We can translate this into a business solution by never underestimating A/B testing and customer feedback. It may be impossible to please everyone, but there is a mathematical route to pleasing as many as possible. If you are coming out with a product, consider any current products you have that are easy to produce. Historical examples can also help you identify essential features for the new product and crunch the right numbers, thus ensuring a successful launch. Everyone has his or her own unique biases and tastes—but think of how many people have a taste for some type of beer!

Big data is daunting and confusing, yet it is becoming more of a necessity to remain competitive in the marketplace. We here at Convergent Technologies specialize in sensible data solutions. Let us help your company or organization make an objective process out of what may seem like a hopelessly subjective one!

The Target

First, I just want to say how excited I am to be part of Convergent Technologies. My dear friend, Rick Gregson, asked me to join the company for the purpose of bringing my knowledge of data science to the table. Additionally, I was invited to contribute a weekly blog, so I will back up for a second and define its purpose.

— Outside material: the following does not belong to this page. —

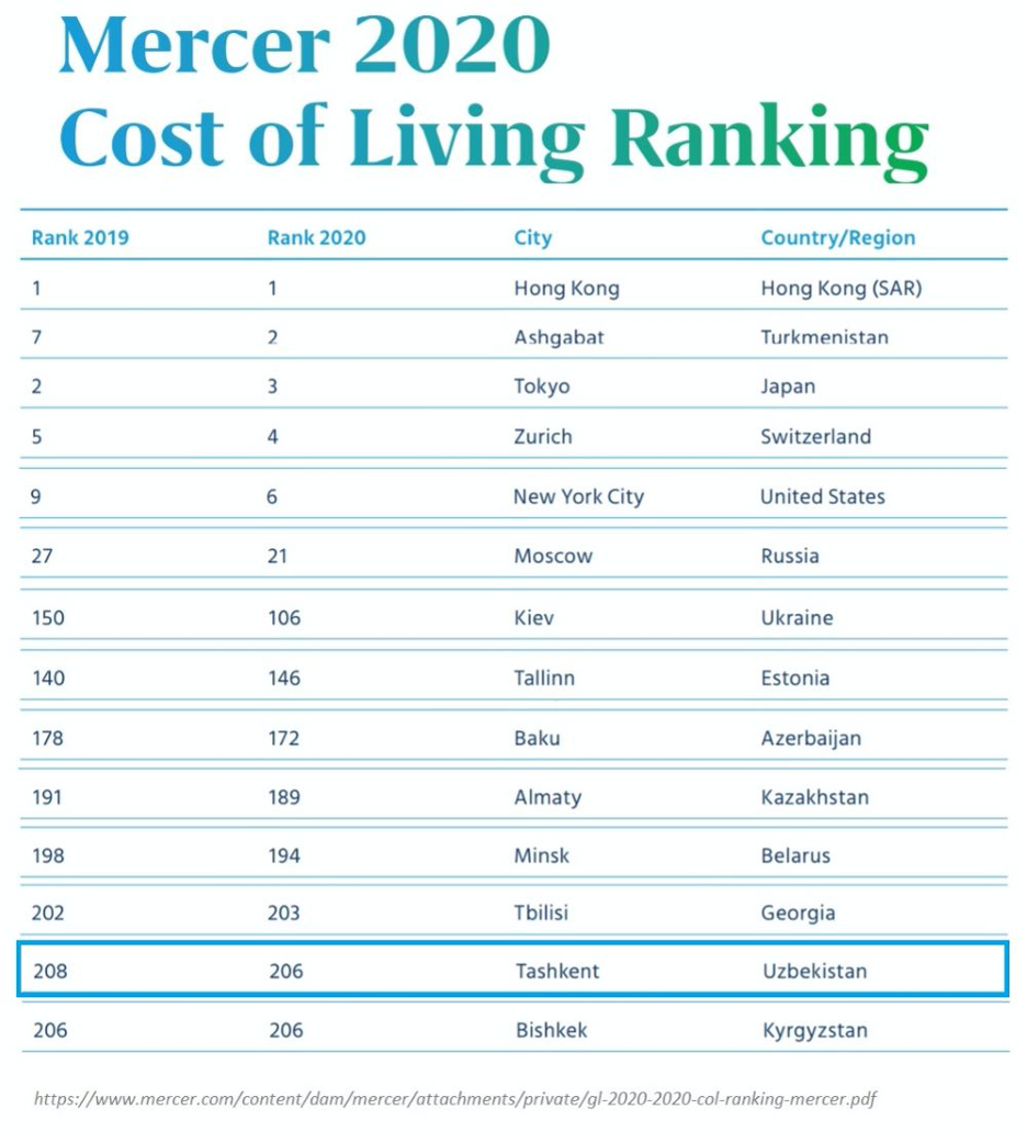 Кроме Ташкента, дешевле всего для иностранных специалистов жить в Бишкеке, Виндхуке в Намибии, а также Тунисе. «В связи с COVID-19 социальные и экономические сложности подтолкнули организации на переоценку их глобальных программ по трудовой мобильности с обращением особого внимания на благосостояние их сотрудников-экспатов», - говорится в исследовании Mercer.

My bio is available on the Convergent Technologies website if you’re curious about who I am and why I may be positioned to tackle these subjects. I’ve invested a great deal of time studying “big data.” With that said, there is a plethora of material on big data—in particular, AI (artificial intelligence). Many news stories focus on the sensational such as self-driving cars or the toppling of champions of the Chinese “Go” game. This can be daunting and intimidating. If you want to learn more about some of these topics, you can be inundated by math, programming, and statistics.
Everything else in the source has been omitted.